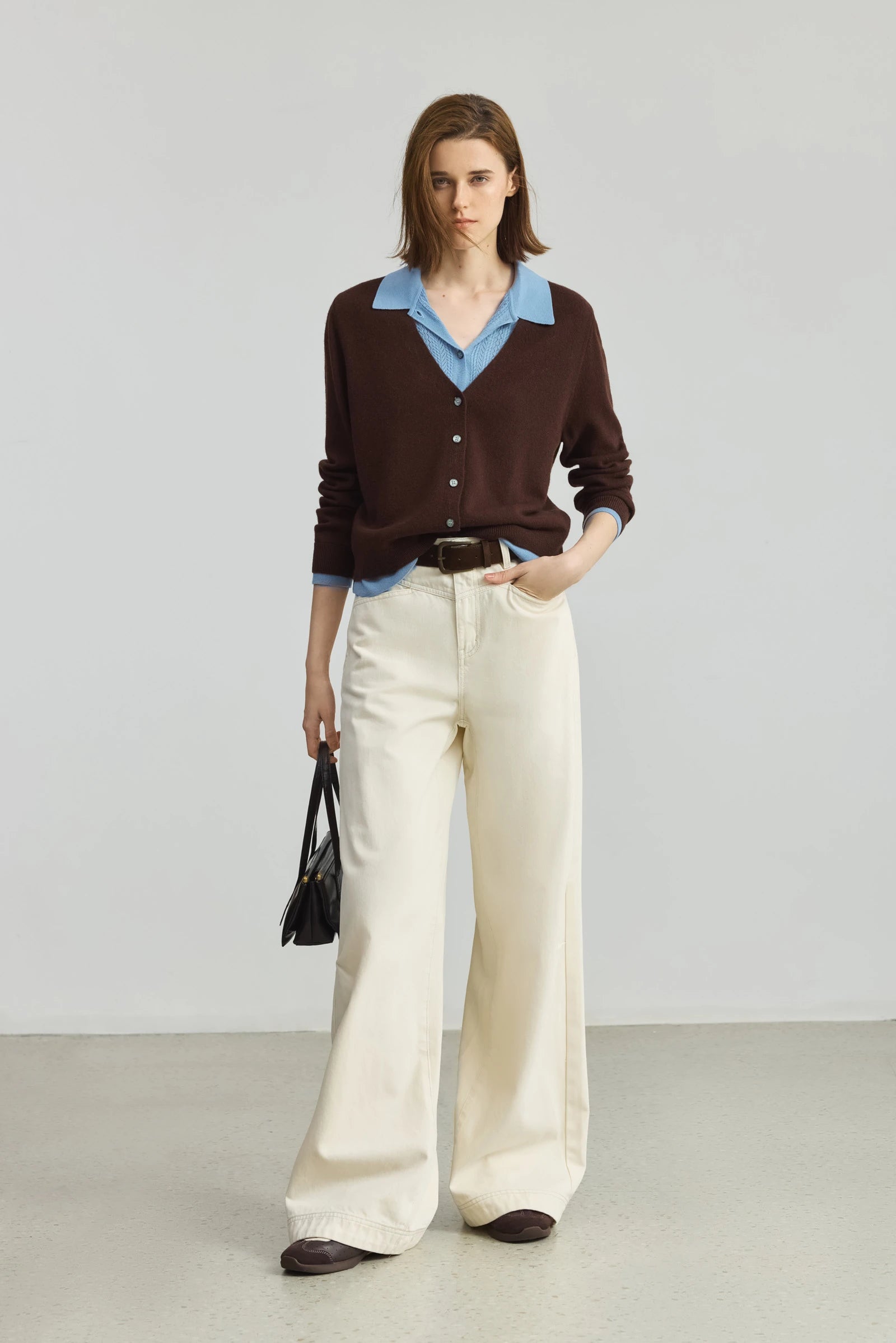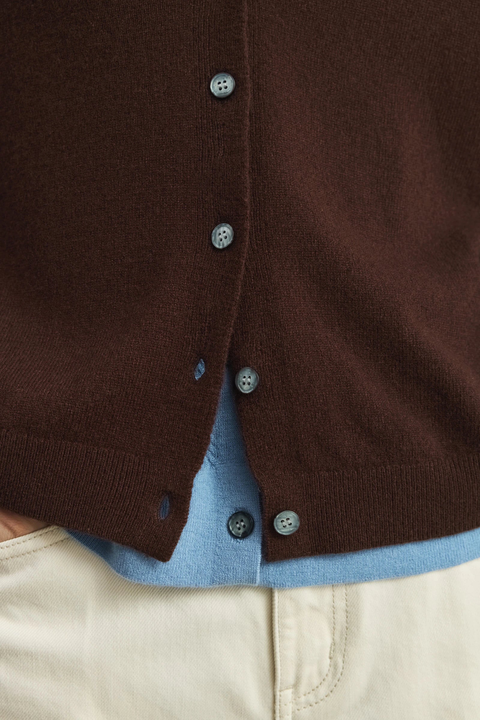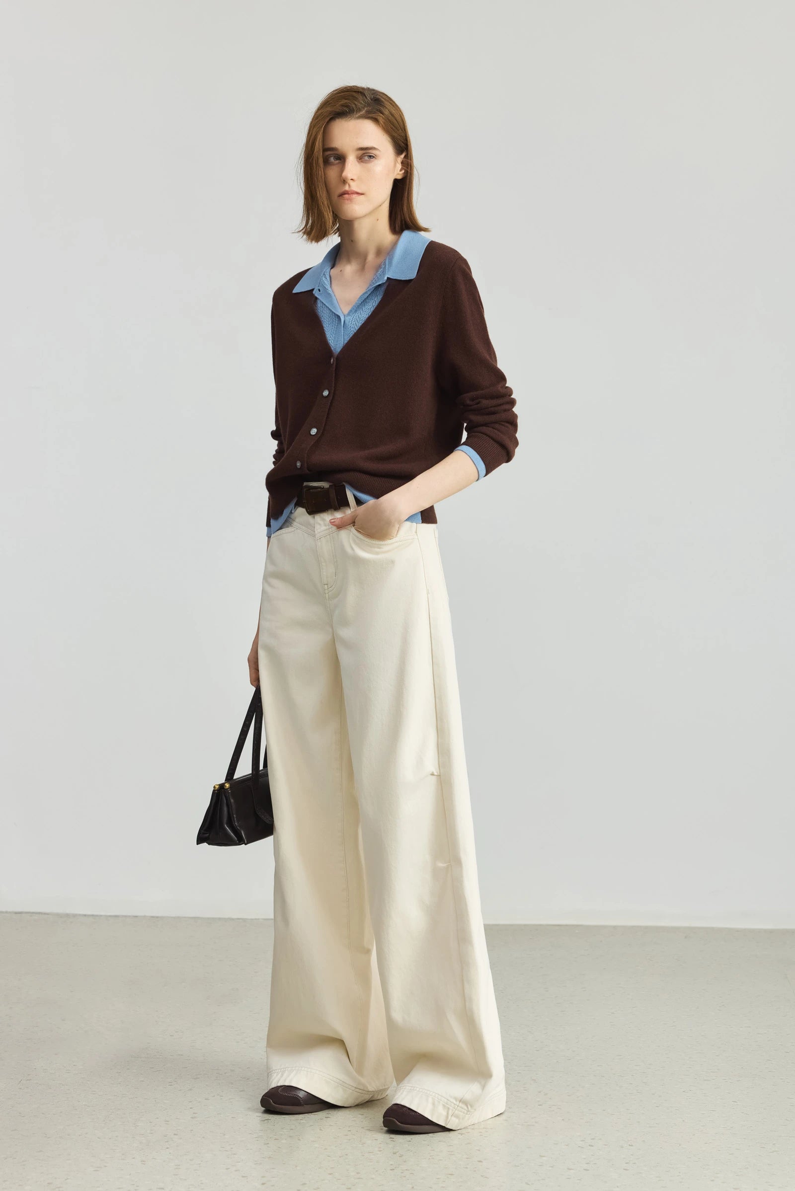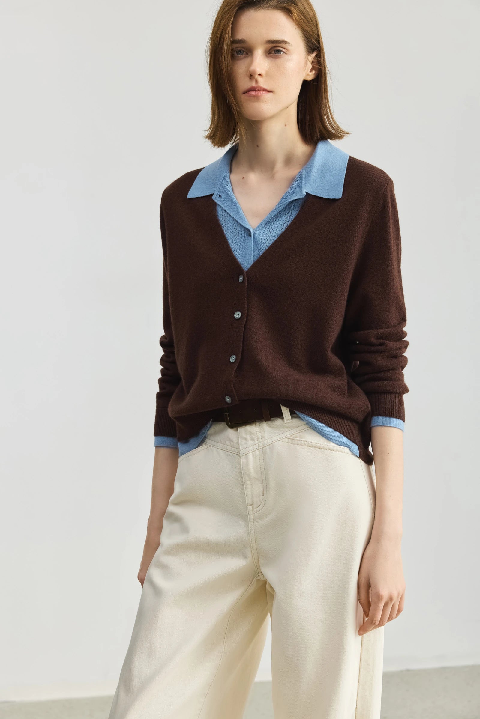 Fake two-piece design, polo collar, short version, merino wool, intellectual college style
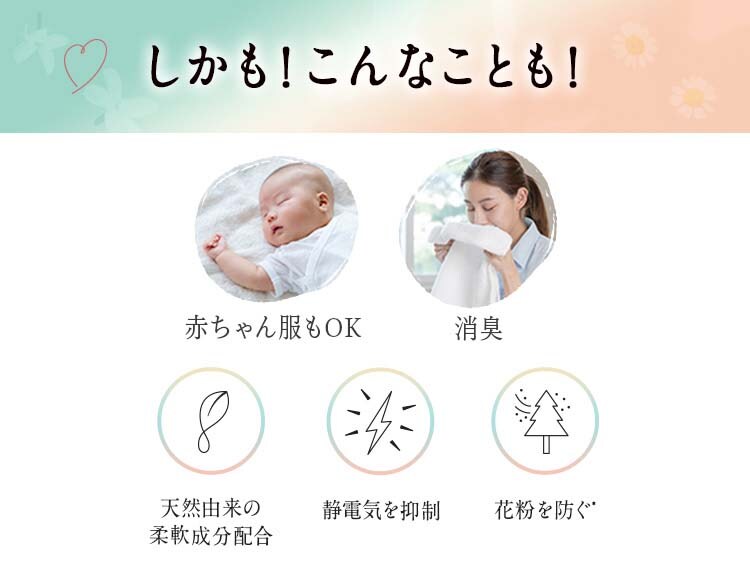 | 界面活性剤(エステル型ジアルキルアンモニウム塩)、安定化剤、繊維ケア補助剤、香料 |
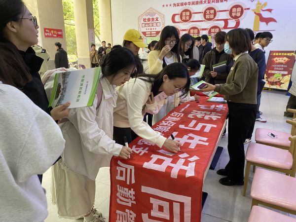 食堂里老师们通过发放精心制作的节能减排宣传册、横幅签名活动等方式,让师生对节能低碳有了更深入的认识,师生们纷纷在横幅上签下自己的名字,承诺从自身做起,从点滴做起,积极践行节能低碳生活方式。
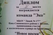 Команда учеников лицея №177 во главе с их руководителем, Сергеева С.В., результативно приняли участие в экологическои турнире по брейн-рингу "Новое время". Наша команда, под названием "Эко" заслуженно заняла 3 место, с чем мы их поздравляем! Спасибо все за работу!
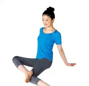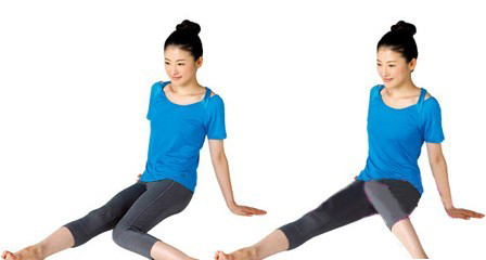 2. 将左膝弯曲90度,膝盖向内,小腿平摆于左侧,用小腿与左脚内侧着地,上身微微转向,令重心往右移动。
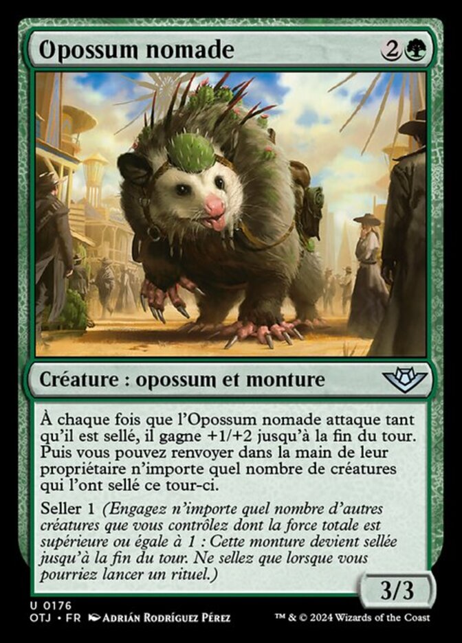 | Rules | Whenever Rambling Possum attacks while saddled, it gains +1/+2 until end of turn. Then you may return any number of creatures that saddled it this turn to their owner's hand. Saddle 1 (Tap any number of other creatures you control with total power 1 or more: This Mount becomes saddled until end of turn. Saddle only as a sorcery.) |
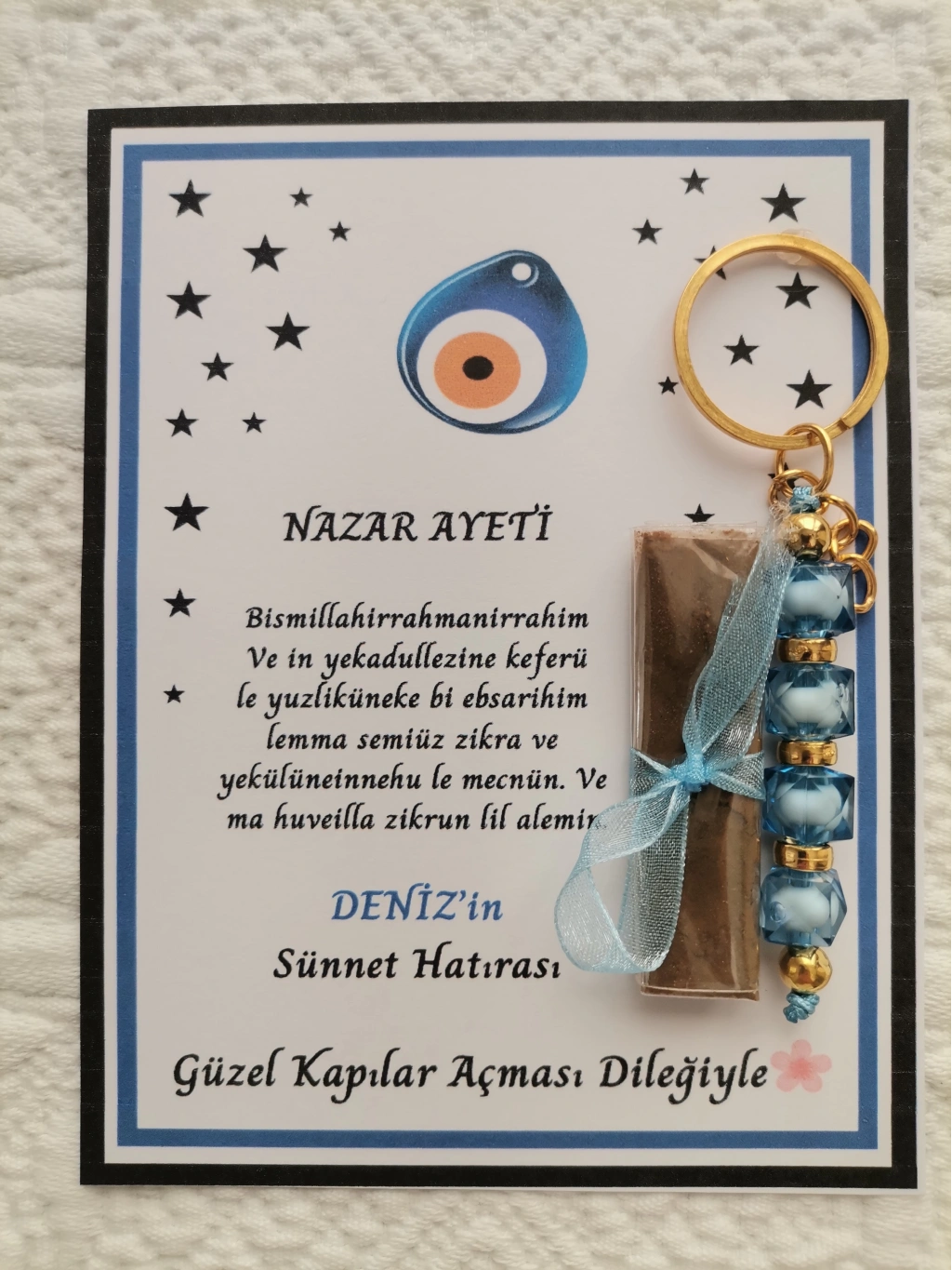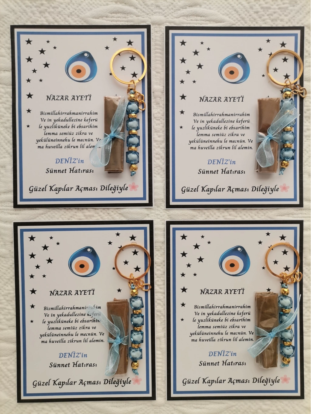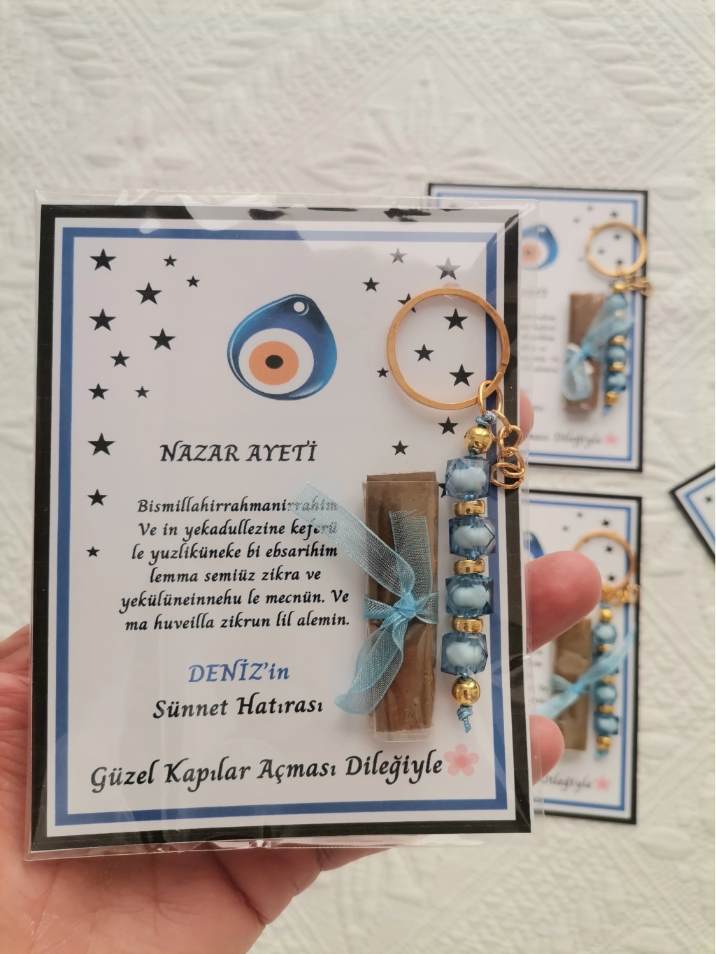 • 32 Adet Kişiye Özel Nazar Ayeti Sünnet Hatırası Dağıtmalık Hediyelik Mavi Anahtarlık ve Kına
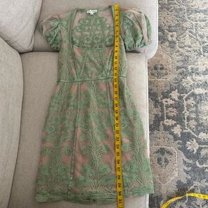For Love & Lemons Temecula Puff Sleeve Mini Dress in Moss Green
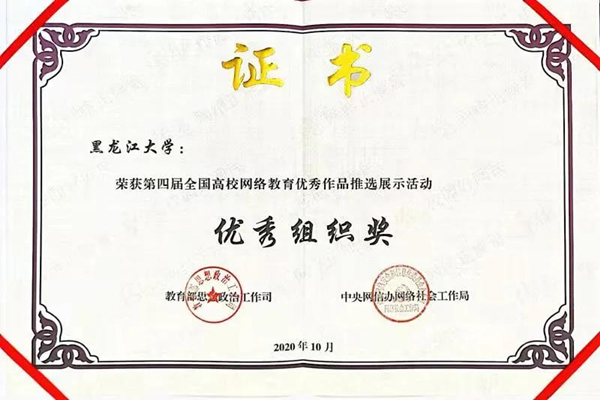 黑龍江大學(xué)一直高度重視網(wǎng)絡(luò)思政教育,曾獲全國(guó)大學(xué)生網(wǎng)絡(luò)文化節(jié)優(yōu)秀組織獎(jiǎng)、全國(guó)大學(xué)生網(wǎng)絡(luò)文化節(jié)和全國(guó)高校網(wǎng)絡(luò)教育優(yōu)秀作品推選活動(dòng)一等獎(jiǎng)、二等獎(jiǎng)等多項(xiàng)榮譽(yù)。作為黑龍江省高校網(wǎng)絡(luò)思政中心的依托建設(shè)高校,黑龍江大學(xué)承辦了3屆黑龍江省大學(xué)生網(wǎng)絡(luò)文化節(jié)和黑龍江省高校網(wǎng)絡(luò)教育優(yōu)秀作品推選展示活動(dòng),累計(jì)評(píng)選5000余件黑龍江省高校優(yōu)秀師生網(wǎng)絡(luò)文化作品,并推選出1882件黑龍江省優(yōu)秀高校師生作品參加全國(guó)評(píng)選。今后,黑龍江大學(xué)將繼續(xù)強(qiáng)化思想引領(lǐng),聚焦立德樹(shù)人,依托黑龍江省高校網(wǎng)絡(luò)思政中心,引領(lǐng)全省高校構(gòu)建新時(shí)代高等教育網(wǎng)絡(luò)思想政治工作體系。
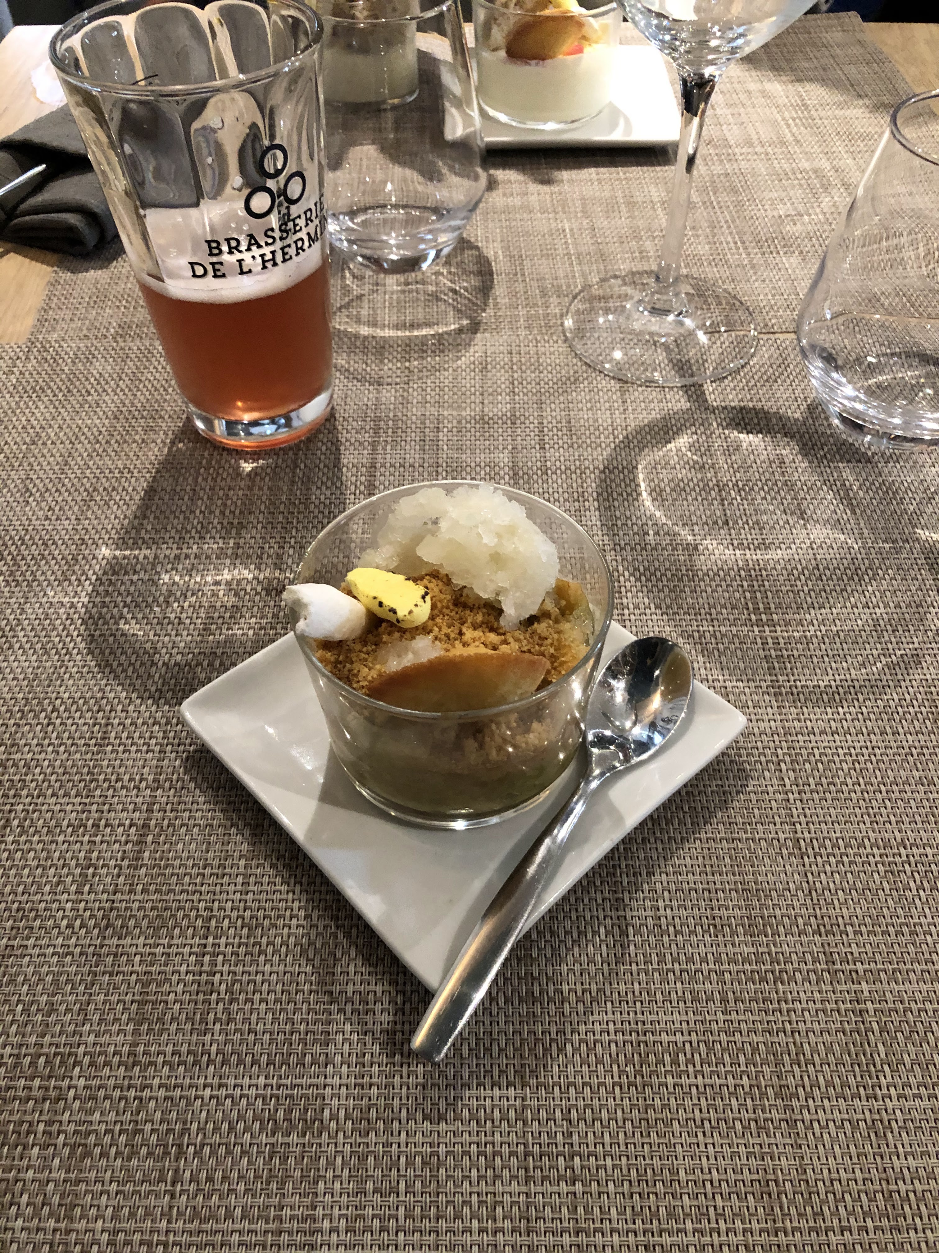 L'amuse bouche et les cannellonis d'aubergines étaient excellents. Par contre mon conjoint a eu un carré d'agneau avec 2/3 de gras, et mon dessert était encore congelé, c'est dommage. Cela a gâché notre expérience. Cependant le personnel était serviable et efficace.

**Activity**
With the pictures omitted, restate word for word the lines above from the line that has "a sorcery.) |" up to and including the line that has "Anahtarlık ve Kına", and no other lines.

**Output**
 | Rules | Whenever Rambling Possum attacks while saddled, it gains +1/+2 until end of turn. Then you may return any number of creatures that saddled it this turn to their owner's hand. Saddle 1 (Tap any number of other creatures you control with total power 1 or more: This Mount becomes saddled until end of turn. Saddle only as a sorcery.) |
 • 32 Adet Kişiye Özel Nazar Ayeti Sünnet Hatırası Dağıtmalık Hediyelik Mavi Anahtarlık ve Kına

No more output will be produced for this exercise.